> **SOURCE DATA**

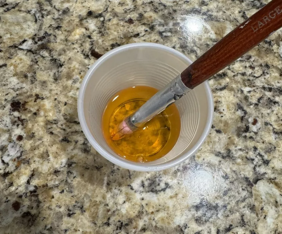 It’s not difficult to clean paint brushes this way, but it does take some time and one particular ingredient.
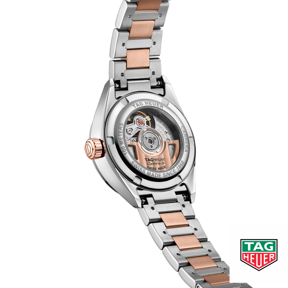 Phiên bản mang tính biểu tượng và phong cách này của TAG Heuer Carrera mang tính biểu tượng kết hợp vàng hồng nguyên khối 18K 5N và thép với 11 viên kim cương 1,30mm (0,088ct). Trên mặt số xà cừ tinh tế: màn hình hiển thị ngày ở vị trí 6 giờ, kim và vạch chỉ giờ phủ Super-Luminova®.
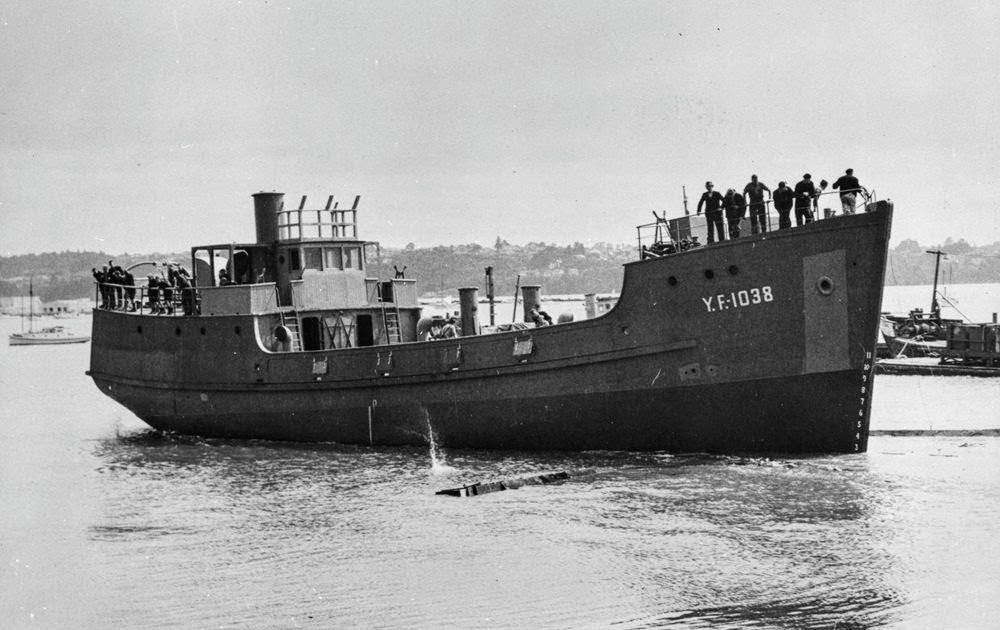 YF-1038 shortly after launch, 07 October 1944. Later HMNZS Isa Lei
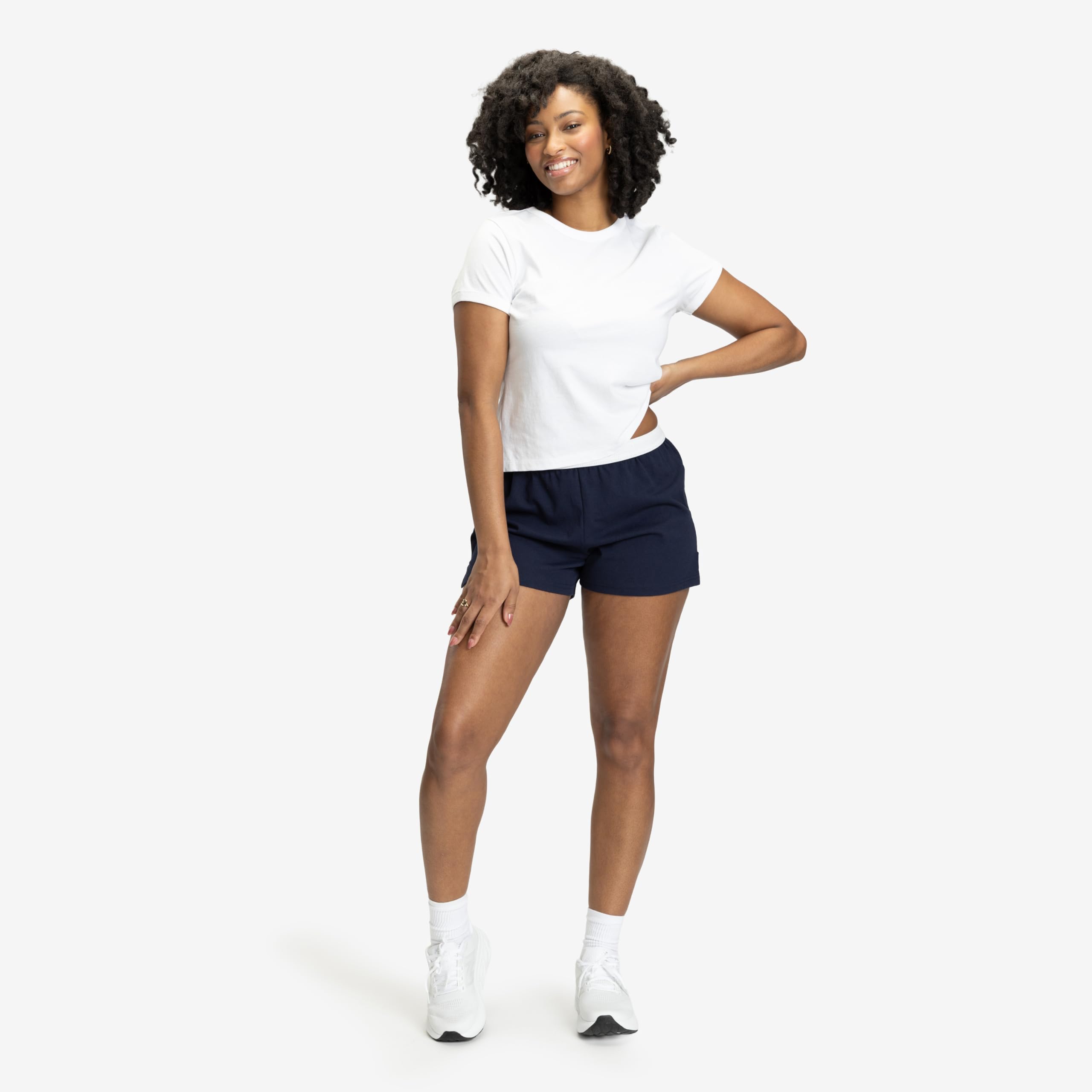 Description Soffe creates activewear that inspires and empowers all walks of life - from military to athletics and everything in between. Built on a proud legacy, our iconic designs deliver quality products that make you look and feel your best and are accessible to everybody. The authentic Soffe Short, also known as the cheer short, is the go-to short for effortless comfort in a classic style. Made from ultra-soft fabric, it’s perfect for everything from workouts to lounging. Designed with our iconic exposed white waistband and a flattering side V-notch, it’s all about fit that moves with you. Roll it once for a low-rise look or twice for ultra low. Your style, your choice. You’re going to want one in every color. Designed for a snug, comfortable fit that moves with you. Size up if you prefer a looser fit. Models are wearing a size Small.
==
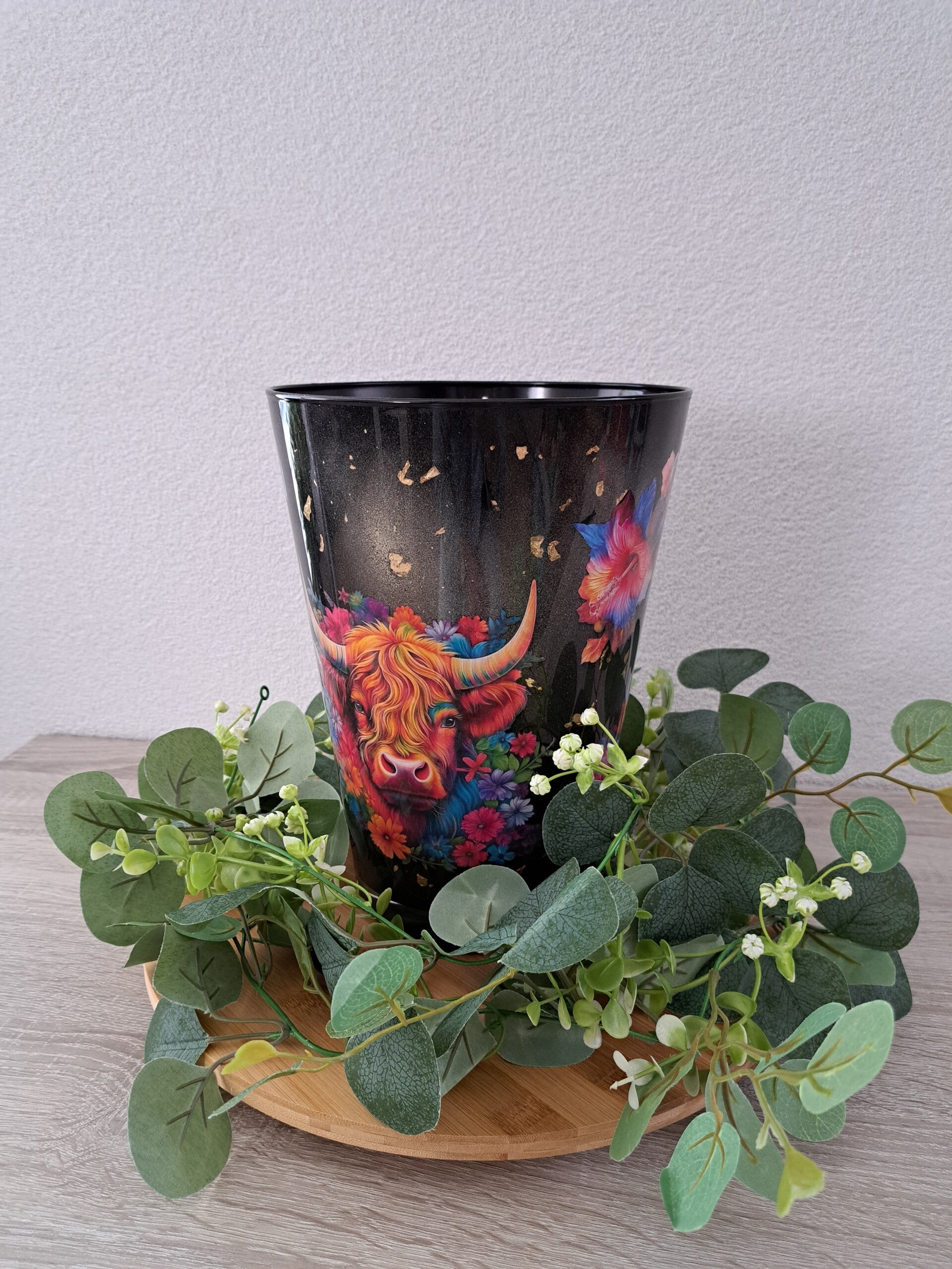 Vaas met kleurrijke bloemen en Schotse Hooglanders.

> **ACTION ITEM**
Set the pictures aside and reproduce exactly the lines above, from the line holding "Phiên bản mang" through the line holding "YF-1038 shortly after", both included, with nothing else.

> **TASK RESPONSE**
 Phiên bản mang tính biểu tượng và phong cách này của TAG Heuer Carrera mang tính biểu tượng kết hợp vàng hồng nguyên khối 18K 5N và thép với 11 viên kim cương 1,30mm (0,088ct). Trên mặt số xà cừ tinh tế: màn hình hiển thị ngày ở vị trí 6 giờ, kim và vạch chỉ giờ phủ Super-Luminova®.
 YF-1038 shortly after launch, 07 October 1944. Later HMNZS Isa Lei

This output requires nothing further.